Learning Reward Functions for Cooperative Resilience in Multi-Agent Systems
Manuela Chacon-Chamorro, Luis Felipe Giraldo, Nicanor Quijano
TL;DR
This work addresses how reward design influences cooperative resilience in mixed-motive multi-agent systems by learning resilience-aligned rewards from ranked trajectories. It introduces a two-step framework that ranks trajectories using a cooperative resilience metric ρ(τ) and learns a reward function Ř(s; θ) via preference-based IRL (margin-based or probabilistic) to promote resilience. Experiments in a Commons Harvest-inspired environment show that a hybrid resilience-informed reward improves cooperative resilience, resource sustainability, and reduces last-resource depletion compared with baselines like PPO and QMIX. The results demonstrate the value of reward design as a principled tool for robust, scalable cooperation in uncertain environments and point to future extensions to larger, partially observable or adversarial settings.
Abstract
Multi-agent systems often operate in dynamic and uncertain environments, where agents must not only pursue individual goals but also safeguard collective functionality. This challenge is especially acute in mixed-motive multi-agent systems. This work focuses on cooperative resilience, the ability of agents to anticipate, resist, recover, and transform in the face of disruptions, a critical yet underexplored property in Multi-Agent Reinforcement Learning. We study how reward function design influences resilience in mixed-motive settings and introduce a novel framework that learns reward functions from ranked trajectories, guided by a cooperative resilience metric. Agents are trained in a suite of social dilemma environments using three reward strategies: i) traditional individual reward; ii) resilience-inferred reward; and iii) hybrid that balance both.

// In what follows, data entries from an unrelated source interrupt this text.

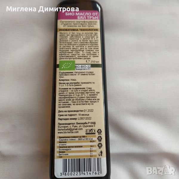 Условия на съхранение: След отваряне - на сухо и хладно място, далеч от пряка слънчева светлина, при температура от 5 до 20°C. С времето нерафинираното студено пресовано масло може да образува утайка или да потъмнее - това е естествен процес и не означава, че качествата му са променени.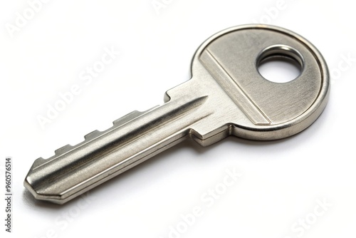One key isolated on a white background with a clipping path tilted at an angle, object, symbol, cutout, lock, shiny, clipping path,key, concept, solution, tilted, metal, isolated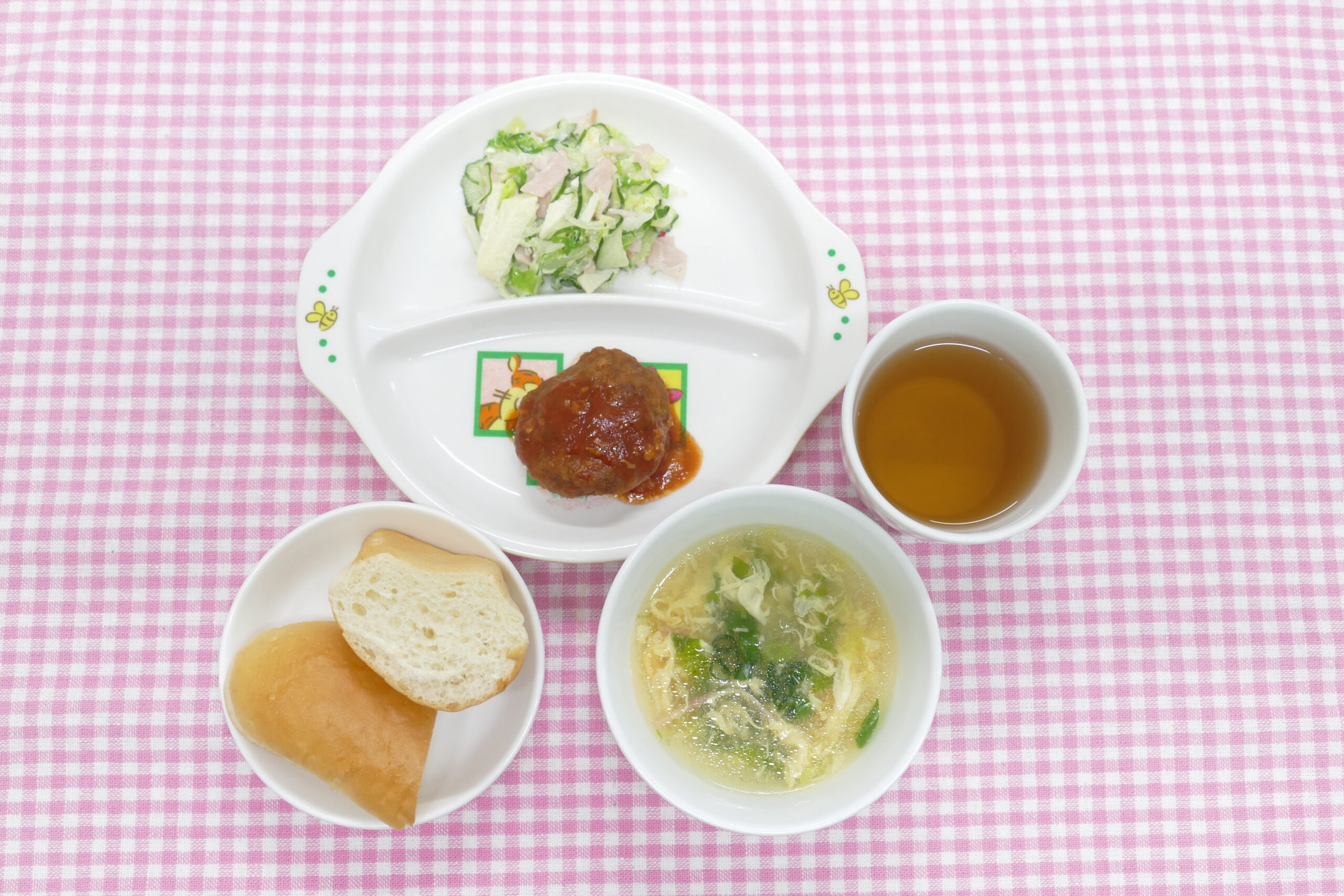 ≪お昼ごはん≫ 煮込みハンバーグ りんごサラダ 卵とベーコンのスープ ロールパン ≪おやつ≫ フルーツヨーグルト 牛乳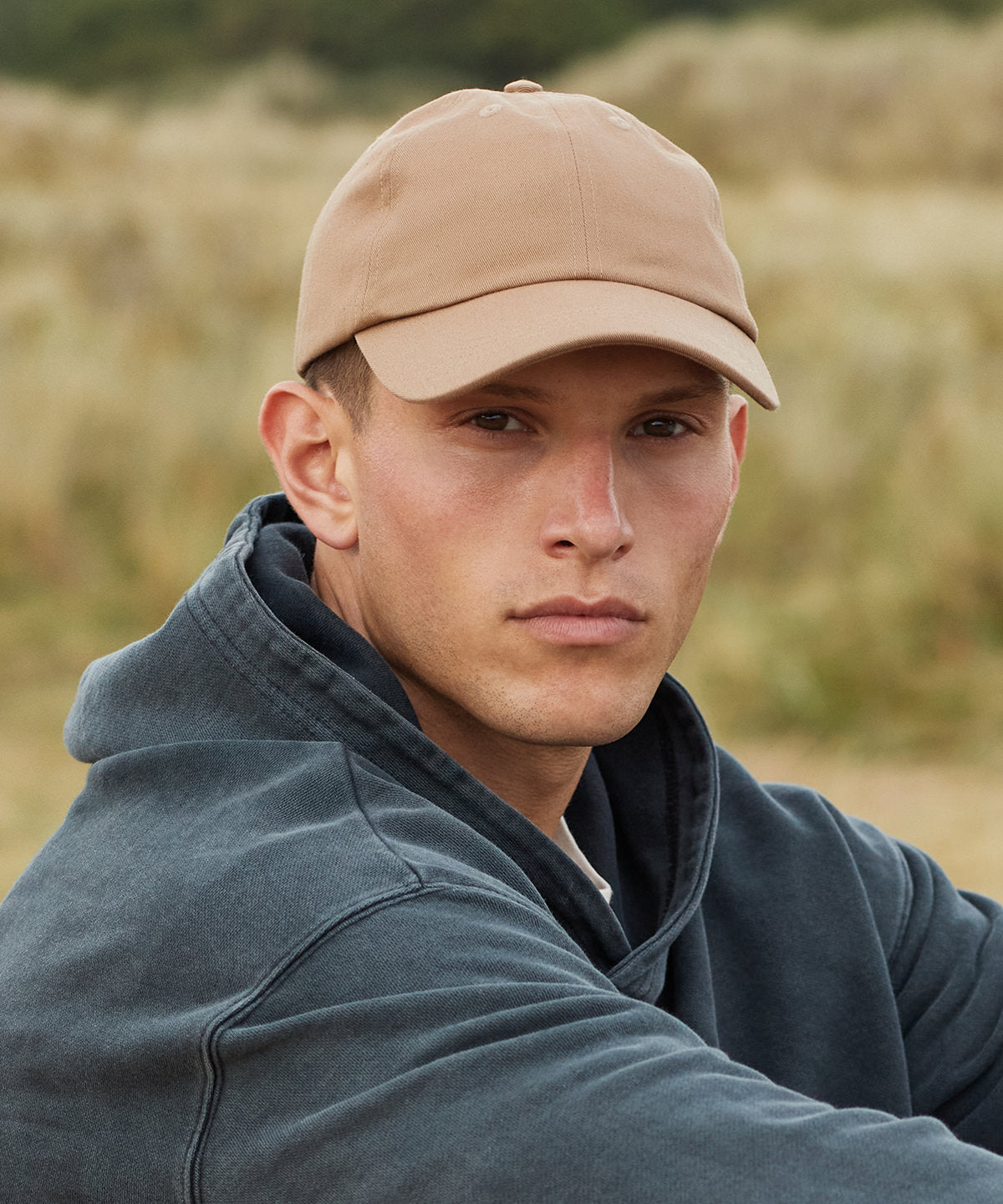 100% Organic cotton. Contains 100% OCS certified organically grown cotton, certified by Control Union CU811033. Low profile 6-panel design. Soft unstructured crown. Pre-curved peak. Self-fabric strap with tri-glide buckle. TearAway label for ease of rebranding.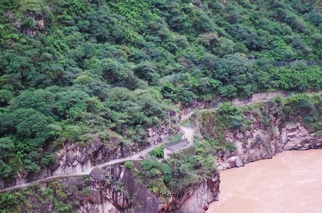 崖边的那条蜿蜒小路,是纳西族马帮茶马古道的遗址。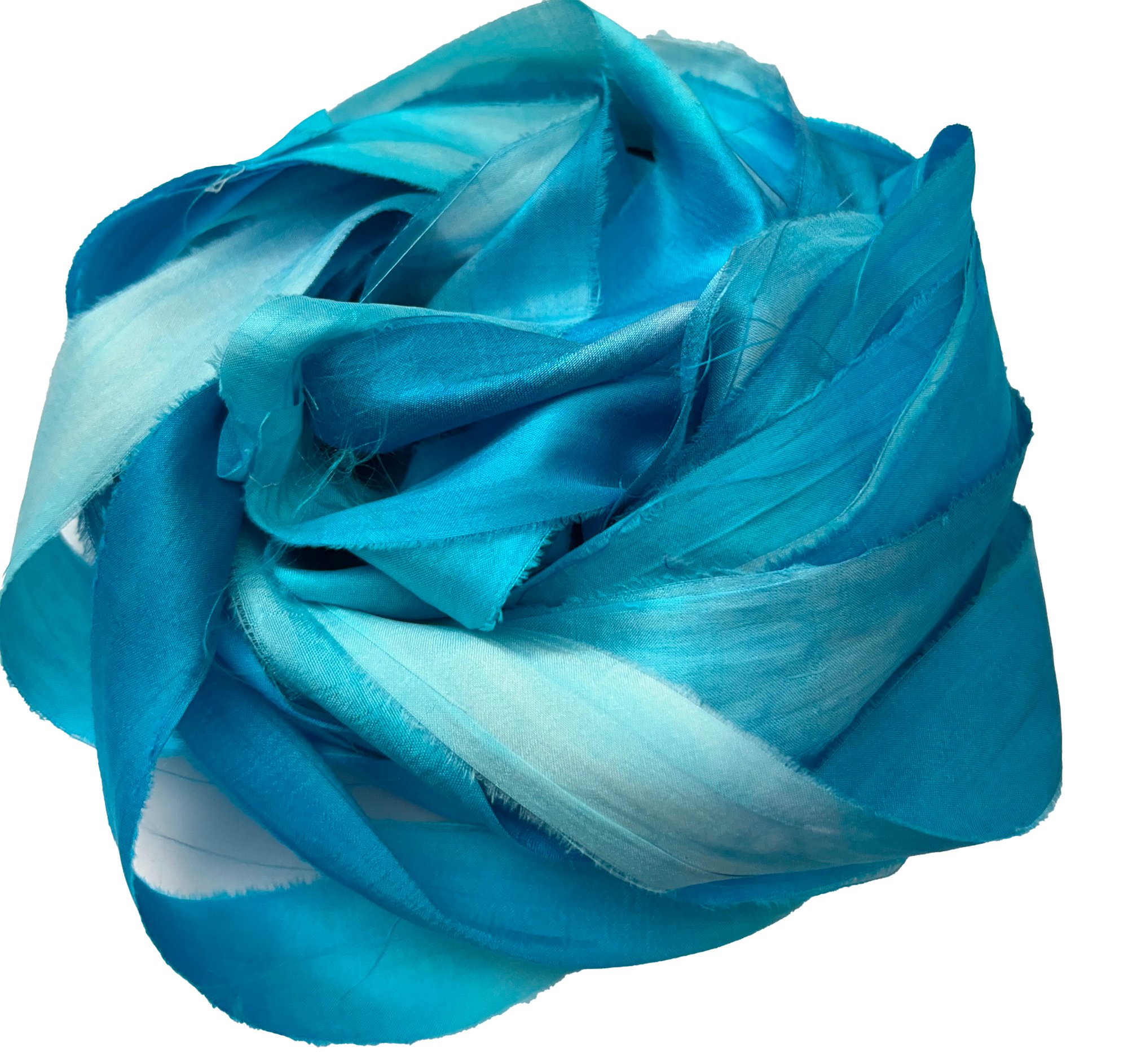 Ready To Ship! 10YD BAHAMA BREEZE HAND DYED SARI SILK RIBBON BY COLOR BURST SILK

We explore three reward parameterizations-linear models, hand-crafted features, and neural networks, and employ two preference-based learning algorithms to infer rewards from behavioral rankings. Our results demonstrate that hybrid strategy significantly improve robustness under disruptions without degrading task performance and reduce catastrophic outcomes like resource overuse. These findings underscore the importance of reward design in fostering resilient cooperation, and represent a step toward developing robust multi-agent systems capable of sustaining cooperation in uncertain environments.